**TASK TO COMPLETE**
What you should give back is a precise copy of the lines below from the one containing "The system, which" through the one containing "WONDERFUL 2 BEDROOMS", with no pictures.

**RAW DATA**
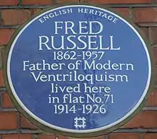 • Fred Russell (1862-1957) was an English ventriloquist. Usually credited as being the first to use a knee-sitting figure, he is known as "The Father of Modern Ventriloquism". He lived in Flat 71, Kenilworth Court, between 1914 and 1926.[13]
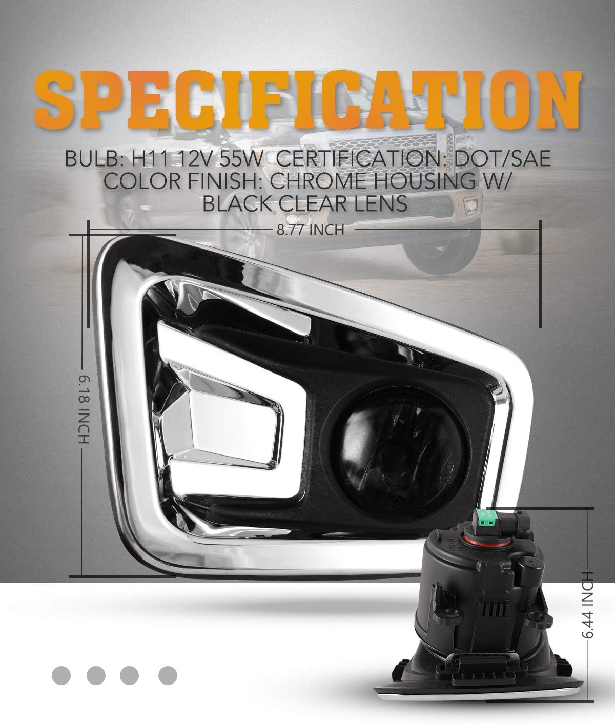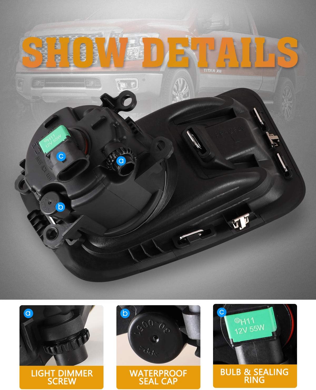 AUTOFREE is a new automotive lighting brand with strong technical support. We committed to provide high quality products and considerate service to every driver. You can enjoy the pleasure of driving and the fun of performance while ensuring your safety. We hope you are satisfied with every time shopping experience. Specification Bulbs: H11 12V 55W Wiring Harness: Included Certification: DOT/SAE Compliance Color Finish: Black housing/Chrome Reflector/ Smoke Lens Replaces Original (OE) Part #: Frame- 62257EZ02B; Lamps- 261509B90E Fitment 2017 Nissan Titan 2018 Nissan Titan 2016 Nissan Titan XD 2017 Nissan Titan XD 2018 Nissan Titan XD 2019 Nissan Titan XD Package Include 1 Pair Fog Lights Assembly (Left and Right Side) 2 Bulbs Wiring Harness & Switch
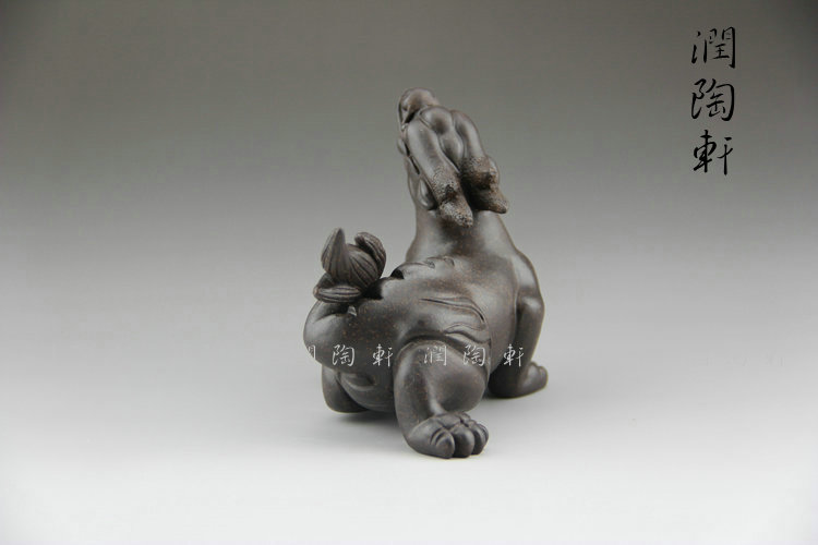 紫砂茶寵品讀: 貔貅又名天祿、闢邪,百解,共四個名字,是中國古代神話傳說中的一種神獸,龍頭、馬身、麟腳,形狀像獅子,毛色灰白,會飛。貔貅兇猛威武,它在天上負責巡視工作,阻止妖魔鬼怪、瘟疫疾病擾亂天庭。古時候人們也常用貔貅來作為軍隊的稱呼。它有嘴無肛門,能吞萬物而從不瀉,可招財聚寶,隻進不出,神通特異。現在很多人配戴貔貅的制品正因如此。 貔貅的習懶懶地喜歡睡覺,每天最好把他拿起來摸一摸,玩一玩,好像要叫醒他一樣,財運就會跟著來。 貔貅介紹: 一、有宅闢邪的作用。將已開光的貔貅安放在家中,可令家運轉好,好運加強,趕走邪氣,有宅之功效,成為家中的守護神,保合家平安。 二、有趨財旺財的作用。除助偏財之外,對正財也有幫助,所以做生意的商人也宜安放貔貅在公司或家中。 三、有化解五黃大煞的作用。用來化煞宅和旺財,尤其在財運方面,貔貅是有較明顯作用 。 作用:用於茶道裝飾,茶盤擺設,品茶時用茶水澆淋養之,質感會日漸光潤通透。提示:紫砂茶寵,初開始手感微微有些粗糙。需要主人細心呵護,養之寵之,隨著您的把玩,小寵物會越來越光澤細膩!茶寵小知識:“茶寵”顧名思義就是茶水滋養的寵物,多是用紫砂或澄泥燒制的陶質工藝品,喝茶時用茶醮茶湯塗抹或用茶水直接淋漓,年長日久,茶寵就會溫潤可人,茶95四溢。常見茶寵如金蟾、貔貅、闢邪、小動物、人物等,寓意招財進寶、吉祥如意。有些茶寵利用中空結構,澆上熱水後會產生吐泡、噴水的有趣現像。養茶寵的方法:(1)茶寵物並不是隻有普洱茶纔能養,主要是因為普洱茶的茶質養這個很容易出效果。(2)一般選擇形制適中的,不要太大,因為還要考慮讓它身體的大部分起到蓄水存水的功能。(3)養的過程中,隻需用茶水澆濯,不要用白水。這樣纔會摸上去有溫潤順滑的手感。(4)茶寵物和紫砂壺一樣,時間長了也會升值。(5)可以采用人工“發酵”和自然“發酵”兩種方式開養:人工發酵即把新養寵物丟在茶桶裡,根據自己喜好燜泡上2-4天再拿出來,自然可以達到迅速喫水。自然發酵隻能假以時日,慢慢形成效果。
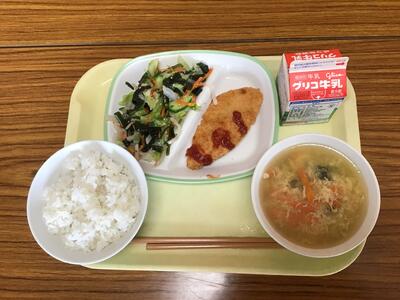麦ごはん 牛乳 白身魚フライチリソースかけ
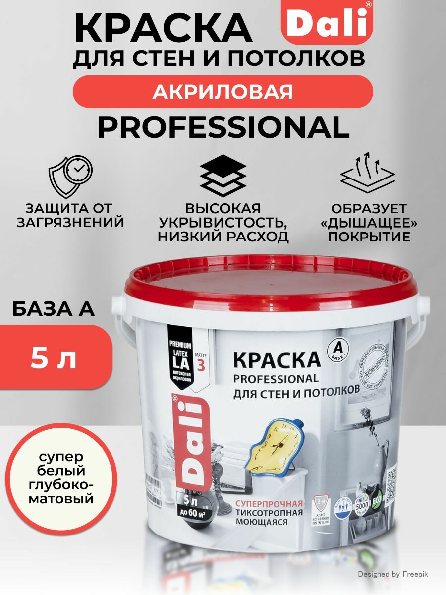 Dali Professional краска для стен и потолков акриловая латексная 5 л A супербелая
...
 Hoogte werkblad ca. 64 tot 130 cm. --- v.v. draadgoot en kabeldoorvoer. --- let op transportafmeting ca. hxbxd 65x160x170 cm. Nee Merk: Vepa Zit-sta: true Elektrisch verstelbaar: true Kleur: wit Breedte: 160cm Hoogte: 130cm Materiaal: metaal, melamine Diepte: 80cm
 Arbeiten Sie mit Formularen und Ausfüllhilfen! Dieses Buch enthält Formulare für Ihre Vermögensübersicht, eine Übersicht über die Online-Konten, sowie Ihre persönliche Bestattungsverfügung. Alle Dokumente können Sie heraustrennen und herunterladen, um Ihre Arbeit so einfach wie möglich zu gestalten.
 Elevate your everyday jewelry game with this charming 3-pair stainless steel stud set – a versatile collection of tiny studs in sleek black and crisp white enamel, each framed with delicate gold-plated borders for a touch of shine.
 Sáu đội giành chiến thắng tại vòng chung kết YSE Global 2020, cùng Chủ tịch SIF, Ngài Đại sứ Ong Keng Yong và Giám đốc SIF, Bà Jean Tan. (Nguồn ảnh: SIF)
* * *
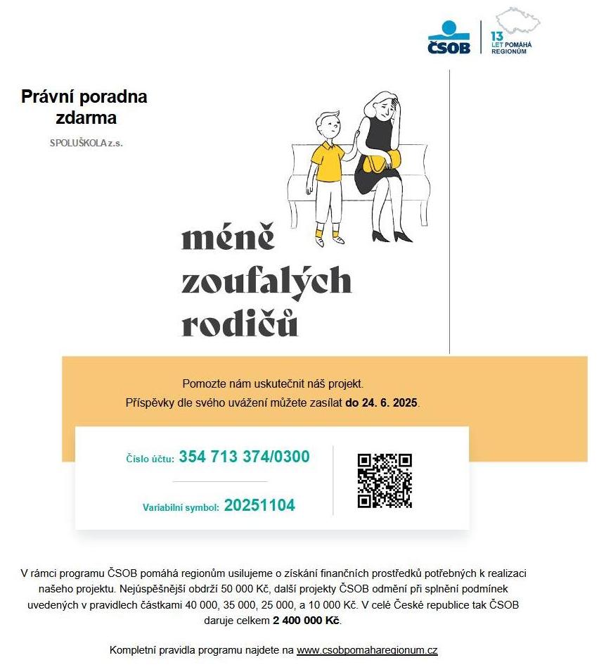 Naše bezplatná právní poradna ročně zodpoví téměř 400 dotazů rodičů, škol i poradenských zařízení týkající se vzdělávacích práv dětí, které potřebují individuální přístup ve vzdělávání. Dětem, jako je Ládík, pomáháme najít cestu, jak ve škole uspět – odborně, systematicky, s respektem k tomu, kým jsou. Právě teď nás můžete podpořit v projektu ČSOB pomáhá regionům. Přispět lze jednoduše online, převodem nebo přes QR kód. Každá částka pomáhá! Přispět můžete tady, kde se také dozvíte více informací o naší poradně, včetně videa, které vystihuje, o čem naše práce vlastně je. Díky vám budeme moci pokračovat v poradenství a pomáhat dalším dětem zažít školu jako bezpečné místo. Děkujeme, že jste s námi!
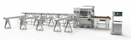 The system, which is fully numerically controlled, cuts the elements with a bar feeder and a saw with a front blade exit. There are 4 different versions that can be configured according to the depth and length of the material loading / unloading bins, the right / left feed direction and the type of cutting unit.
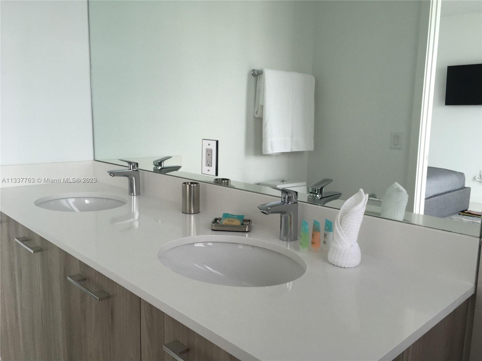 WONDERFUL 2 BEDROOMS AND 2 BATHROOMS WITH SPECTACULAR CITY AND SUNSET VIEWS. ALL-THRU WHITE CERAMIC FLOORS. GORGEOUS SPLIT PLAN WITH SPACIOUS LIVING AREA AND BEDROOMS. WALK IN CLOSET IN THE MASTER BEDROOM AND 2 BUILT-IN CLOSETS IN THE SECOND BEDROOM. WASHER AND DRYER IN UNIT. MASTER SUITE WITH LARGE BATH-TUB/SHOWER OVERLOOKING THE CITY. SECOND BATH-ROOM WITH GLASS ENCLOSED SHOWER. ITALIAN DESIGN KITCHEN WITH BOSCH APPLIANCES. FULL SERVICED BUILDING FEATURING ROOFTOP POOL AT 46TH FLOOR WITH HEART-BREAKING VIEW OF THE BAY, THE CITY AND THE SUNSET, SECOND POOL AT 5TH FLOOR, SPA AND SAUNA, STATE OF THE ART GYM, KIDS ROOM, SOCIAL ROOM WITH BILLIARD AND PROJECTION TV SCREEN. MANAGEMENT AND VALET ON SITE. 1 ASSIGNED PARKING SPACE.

**ANSWER TO THE PROBLEM**
 The system, which is fully numerically controlled, cuts the elements with a bar feeder and a saw with a front blade exit. There are 4 different versions that can be configured according to the depth and length of the material loading / unloading bins, the right / left feed direction and the type of cutting unit.
 WONDERFUL 2 BEDROOMS AND 2 BATHROOMS WITH SPECTACULAR CITY AND SUNSET VIEWS. ALL-THRU WHITE CERAMIC FLOORS. GORGEOUS SPLIT PLAN WITH SPACIOUS LIVING AREA AND BEDROOMS. WALK IN CLOSET IN THE MASTER BEDROOM AND 2 BUILT-IN CLOSETS IN THE SECOND BEDROOM. WASHER AND DRYER IN UNIT. MASTER SUITE WITH LARGE BATH-TUB/SHOWER OVERLOOKING THE CITY. SECOND BATH-ROOM WITH GLASS ENCLOSED SHOWER. ITALIAN DESIGN KITCHEN WITH BOSCH APPLIANCES. FULL SERVICED BUILDING FEATURING ROOFTOP POOL AT 46TH FLOOR WITH HEART-BREAKING VIEW OF THE BAY, THE CITY AND THE SUNSET, SECOND POOL AT 5TH FLOOR, SPA AND SAUNA, STATE OF THE ART GYM, KIDS ROOM, SOCIAL ROOM WITH BILLIARD AND PROJECTION TV SCREEN. MANAGEMENT AND VALET ON SITE. 1 ASSIGNED PARKING SPACE.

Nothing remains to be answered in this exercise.